Posted by SR on October 15, 2004
In Reply to: Personal warmth posted by Lewis on October 15, 2004
: : It's Friday afternoon, and I got an emergency call to join the guys at the pub - as you do. So I just got changed and I was selecting an appropriate perfume to wear. My partner was wondering what the methodology was behind the selection.
: : I told him it was based on my mood, what I was wearing and the weather. I said, because it's cool, I need something that smells warm.
: : He found the concept of smelling warmth a bit difficult to handle.
: : Can anyone assist me to explain this concept? And can anyone think of any other ways to describe mixed sensations?
: you probably need to educate your fella that he has 5 senses. smell is often neglected, but used much more than we realise. I became much more sensitive to odour/scent when I started to think about it - I am interested in food, wine and alcoholic beverage (how unusual!) - and I write about beer. to do that, I needed to think and articulate about the smells - the 'notes' of drinks.

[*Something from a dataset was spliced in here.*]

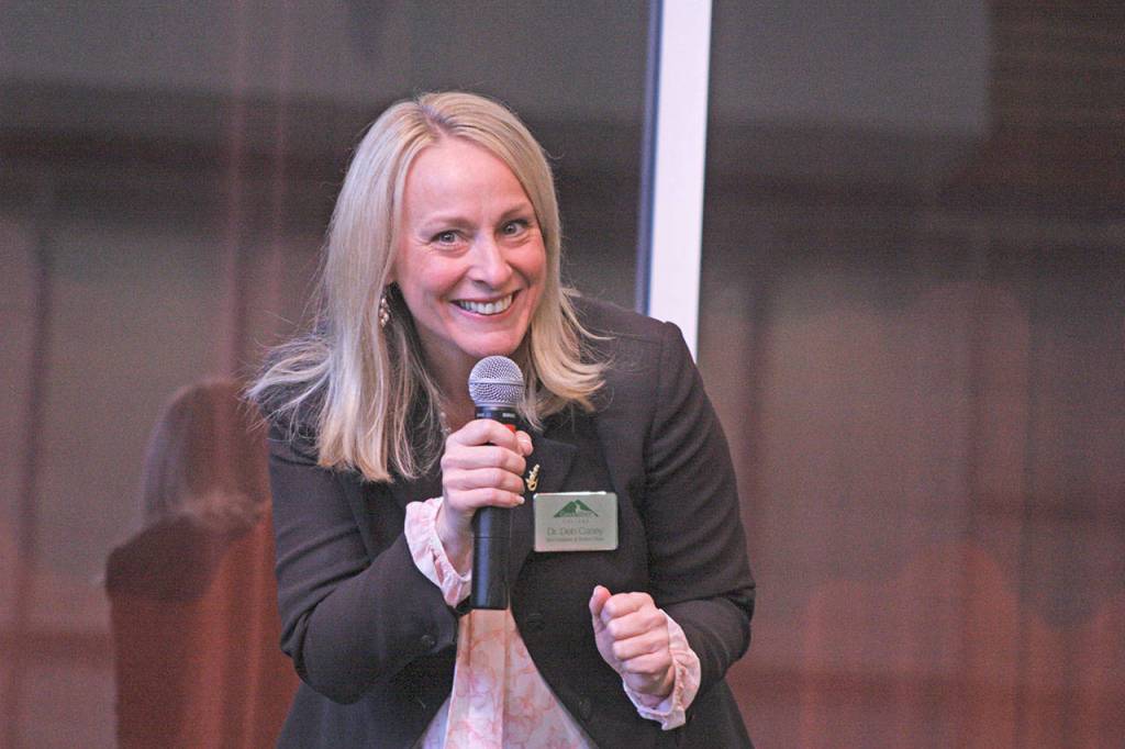 Deb Casey, Green River College’s vice president of student affairs, speaks to incoming students about the college experience and the many programs and resources the school provides. MARK KLAAS, Auburn Reporter

: smell is like sound - a chord in music is made up of different notes and the comparison is used by perfumiers.
: Convince the guy that scent is like adding an ingredient to a dish - it is difficult to describe how you know what goes - it might be a contrast to something else or to match up with something else. as him to try to think what else it might smell like - that helps improve the vocabulary for future articulation.
: you could say that something smells "warm" because it shares 'notes' with other scents that occur when it is warm or from warm surroundings - for example, if in cold weather you have mulled wine - cinnamon and cloves might smell 'warm' to you - or if you sit by a particular tree in the garden, the scent of that blossom is associated with 'warmth'.
: if you want to distract him, you could always talk about intimite scents!
: Mmm - the scent of a woman!
Scent is like the frame. We are the picture. Scent conveys a great deal of information on how we see ourselves and how we want others to see us.